In the same way that mortgage payments are split between the interest and the principle on a loan, the effort of an MVC needs to be split between immediate needs (interest) and the infrastructure that will address future needs (principle). In particular, an MVC should do some mix of three things:
- Address an immediate, high-priority problem.
- Create a model or template for how a long-term solution could look.
- Contribute to building that long-term solution.
The first one is the current interest. The second is past-due interest. The third is the capital. And just like with a mortgage, you should start out paying mostly interest and a little capital. But as you begin paying down the capital, you’ll have less interest to pay down, so your changes can focus more and more on the long-term solution.
In other words, that prototype isn’t wasted work that will be thrown away. It’s a payment on the principle of organizational debt (though not technical debt) that lowers your future interest payments by preparing the Process for the production system.
Address an Immediate Need
Often, you can’t build the infrastructure that will show the lab teams how awesome your plan is unless they do some work up front to help you build it. Maybe they need to run their experiments a bit differently. Maybe they need to learn a new system for reviewing analysis results. Maybe they just need to try a prototype and give you feedback. But the only way to convince them to do that work, is to show them how that work will lead to a payoff. So how do you show them how great the thing is when you can’t build the thing until you’ve shown them?

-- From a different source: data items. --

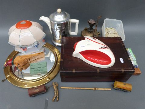 A retro Burleigh ware wall pocket, painted glass lamp shade, stove, retro teapot, mirror, oriental carved item, fossils etc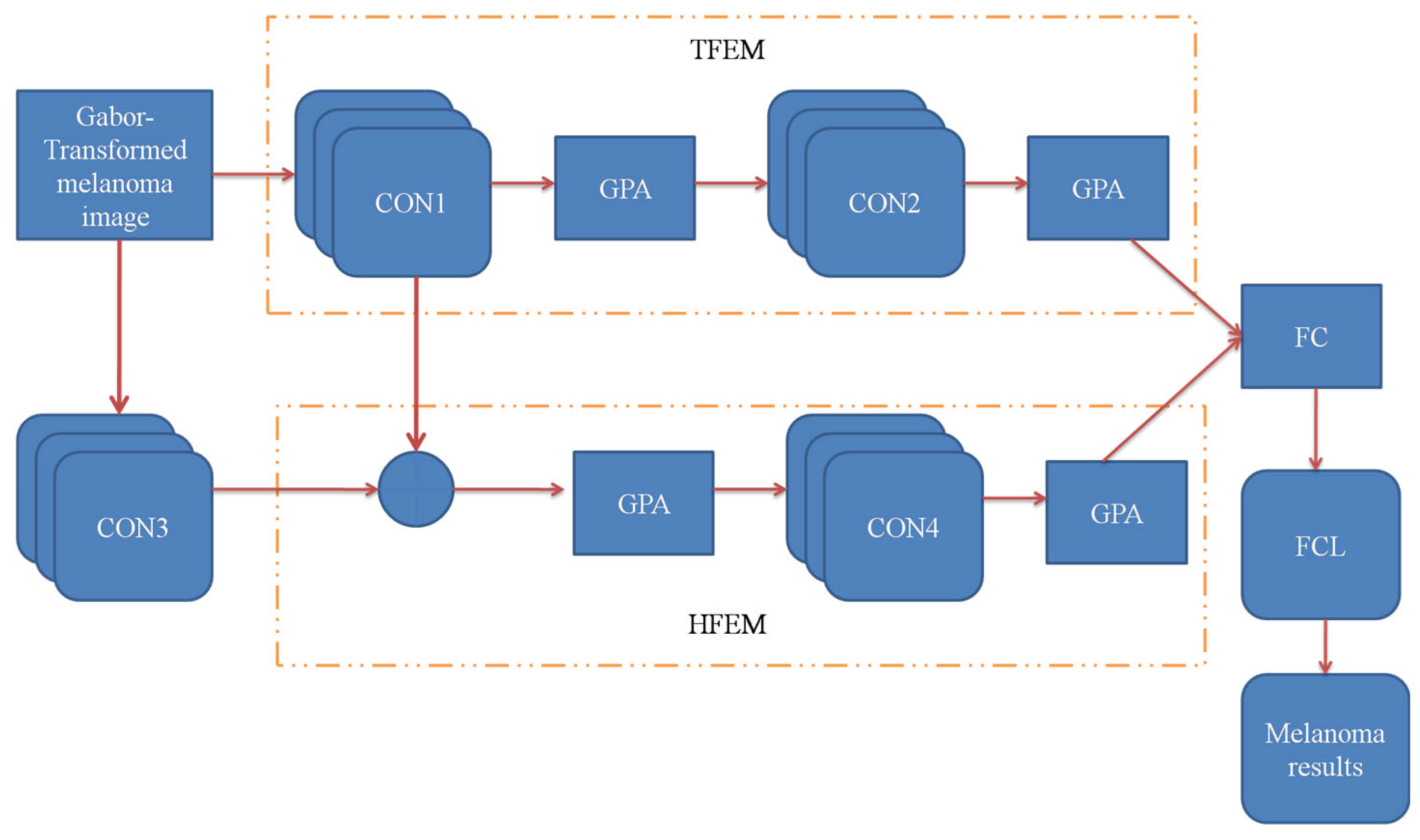 - The feature, constructed from a traditional CNN, is incorporated to classify dermoscopy skin images as melanoma or non-melanoma, using generated texture and higher-dimensional feature values from the sequence of internal layers.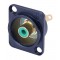 Панельный разъём RCA (тюльпан), чернёный фланец "D" типа, тыльная сторона под пайку, цвет разъема - зеленый
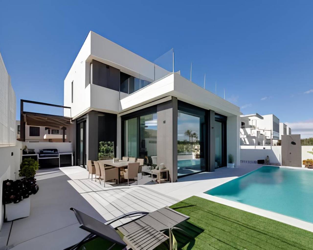 Exclusividad y armonía en plena naturaleza Esta promoción es una exclusiva promoción residencial ubicada en Pilar de la Horadada, Alicante, diseñada para fusionar lujo, confort y seguridad en un entorno natural inigualable. Cada una de las villas ofrece características de alta calidad, como puertas acorazadas para garantizar la seguridad, suelos porcelánicos, persianas motorizadas, y una eficiente climatización para maximizar el confort. Además, las cocinas están equipadas con electrodomésticos de última generación y los exteriores están cuidadosamente paisajizados con vegetación autóctona, todo ello dentro de un diseño arquitectónico moderno que asegura eficiencia energética y una estética de lujo. Esta promoción representa el equilibrio perfecto entre la innovación y la armonía con la naturaleza, ofreciendo un espacio idílico para vivir.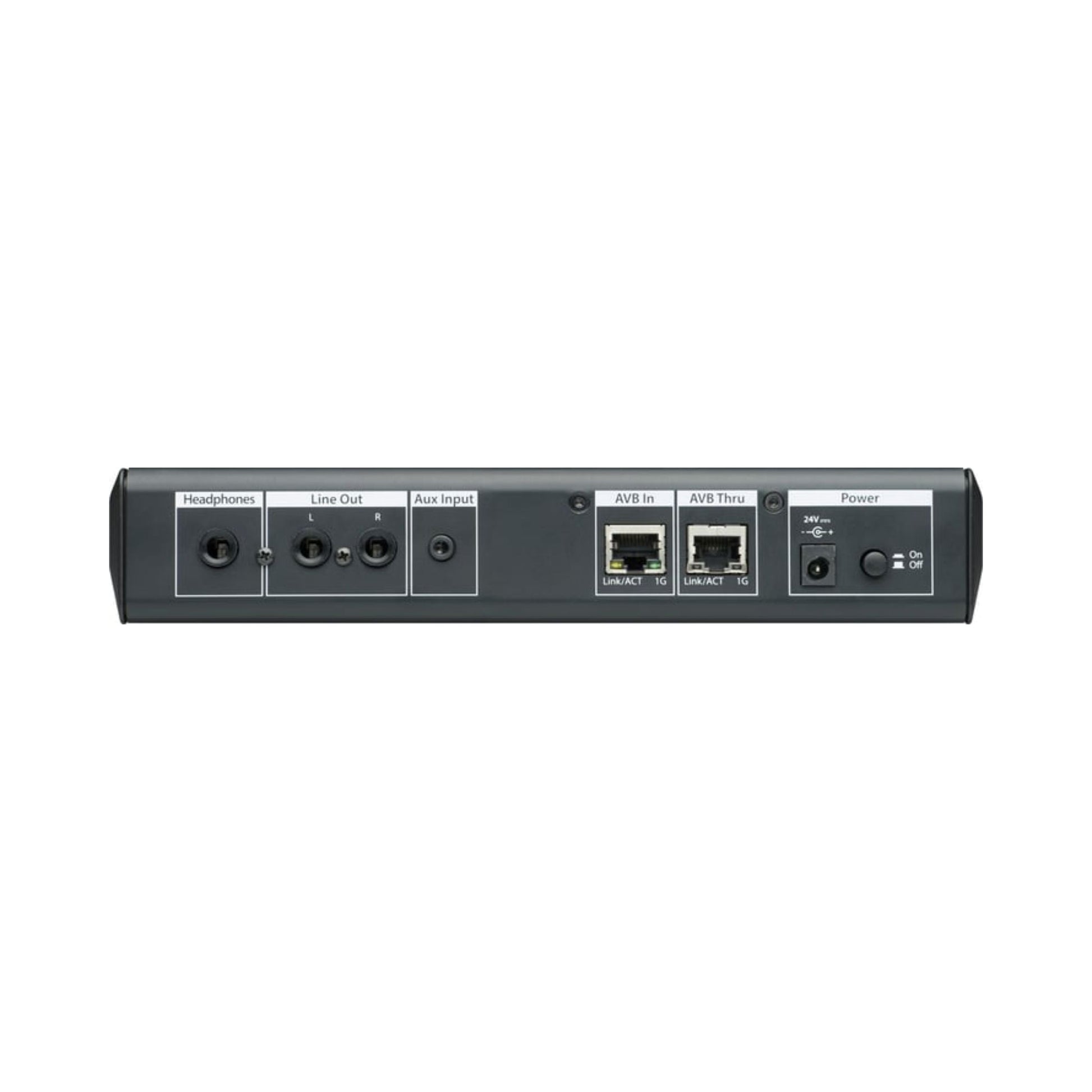 The EarMix 16M can be powered with its included external power supply but in many cases – such as when it's difficult to provide power across multiple onstage locations – it's better to use Power over Ethernet (PoE). PoE is a technology that enables network cables to carry electrical power to compatible devices. With PoE, a single cable delivers both network data, such as digital audio, and electrical power. You can locate a PoE-enabled device anywhere you can run an Ethernet cable because you don't need a local power source. Moreover, PreSonus' SW5E five-port AVB switch enables you to connect multiple EarMix 16Ms to the AVB network and provides PoE.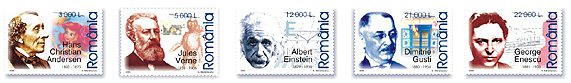 Romfilatelia, societate specializată în emiterea și comercializarea mărcilor poștale în România, lansează a doua parte a seriei de mărci poștale dedicată unor importante personalități de notorietate mondială. Cele cinci timbre sunt dedicate următoarelor personalități: Hans Christian Andersen (1805-1875) scriitor danez, renumit în literatura universală dedicată copiilor. A abordat aproape toate genurile literare: povești, povestiri, poeme,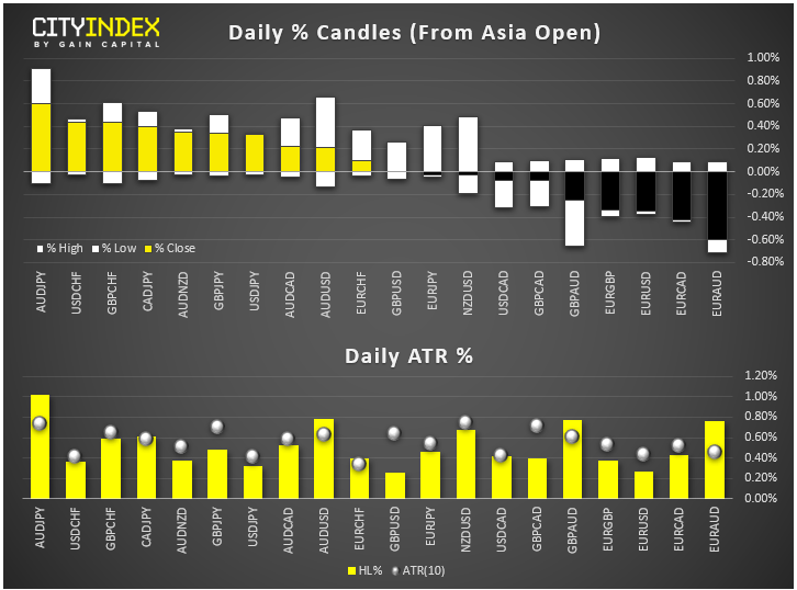 - A broad yen retreat also denotes participants continuing to relinquish aversive moves in favour of risk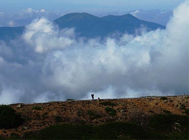 志賀高原から草津への道は夕方から深い霧になり、路側の白線も10mほど先しか見えないほどでしたが、翌朝は霧も晴れ、梅雨時には珍しい晴天となったので、本白根山(もとしらねさん)を山歩することにしました。

One common strategy is to try to build it without them. Design an end-to-end solution that enables a completely new approach. Put your head down. Work as hard as you can. Hope you have something to show before people start asking questions. Not surprisingly, this often doesn’t work out so well.
A better approach is an MVP/MVC: take the smallest possible step that solves an immediate problem in a way that’s closer to how you want things to be than they are now. Make it small enough that the solution is ready when your stakeholder needs it.
It doesn’t matter if it involves manual steps that you could easily automate if you had another couple weeks. It’s fine if you end up throwing away most or all of the code. Don’t worry if it isn’t as perfect as you want it to be. Paying the interest is the most miserable part of a mortgage, but people still do it and this is no different.
Each MVC is a new anchor that helps your organization create a shared mental model that’s better aligned with what you need. When your stakeholders see you solving a problem that they need solved today, they’ll be more likely to come to you with their next problem tomorrow. They’ll be more willing to do the work you need from them. They’ll tell you sooner, giving you more time to build the solution the right way. Next time, you can build something closer to the big vision. You can throw away less code.
Conclusion
Implementing Minimum Viable Changes isn’t easy. It takes discipline to recognize when a plan that looks good on paper isn’t granular enough. It takes creativity to break up monolithic changes. It takes patience to take baby steps towards a vision you know will revolutionize your organization once they’re ready for it. But as you get through the first few MVCs, you’ll start to build momentum. A few more and your team will start to feel it. So will your stakeholders. This approach may not be easy, but it’s absolutely worth it.